------ PROVIDED MATERIAL

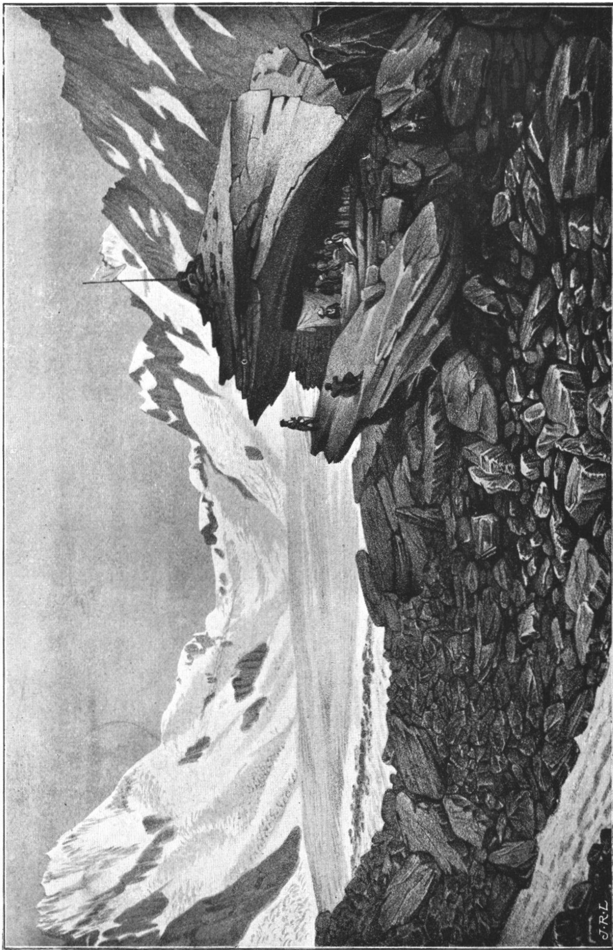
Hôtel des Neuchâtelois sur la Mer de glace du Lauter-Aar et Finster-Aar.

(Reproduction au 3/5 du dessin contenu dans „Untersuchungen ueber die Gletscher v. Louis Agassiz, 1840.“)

------------
------ PROVIDED MATERIAL

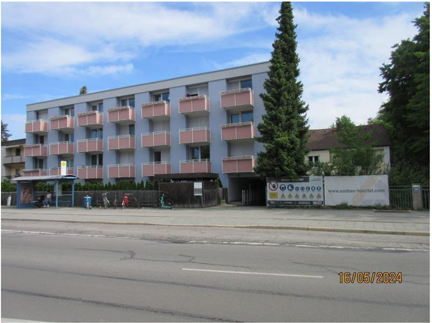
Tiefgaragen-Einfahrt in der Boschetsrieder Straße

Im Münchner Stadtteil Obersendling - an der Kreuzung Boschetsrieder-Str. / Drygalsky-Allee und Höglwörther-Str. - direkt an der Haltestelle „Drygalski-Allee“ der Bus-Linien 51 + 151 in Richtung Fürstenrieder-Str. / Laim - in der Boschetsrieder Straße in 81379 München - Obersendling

------------
------ PROVIDED MATERIAL

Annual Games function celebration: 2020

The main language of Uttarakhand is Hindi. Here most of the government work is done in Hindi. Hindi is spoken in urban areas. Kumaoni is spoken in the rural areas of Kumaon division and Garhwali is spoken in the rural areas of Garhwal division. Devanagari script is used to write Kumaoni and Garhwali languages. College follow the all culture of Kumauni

------------

| INSTRUCTIONS FOR THE TASK |
Search the listing above for the string "Boschetsrieder" and copy each line that has it.

| RESULT FOR THIS TASK |
Tiefgaragen-Einfahrt in der Boschetsrieder Straße
Im Münchner Stadtteil Obersendling - an der Kreuzung Boschetsrieder-Str. / Drygalsky-Allee und Höglwörther-Str. - direkt an der Haltestelle „Drygalski-Allee“ der Bus-Linien 51 + 151 in Richtung Fürstenrieder-Str. / Laim - in der Boschetsrieder Straße in 81379 München - Obersendling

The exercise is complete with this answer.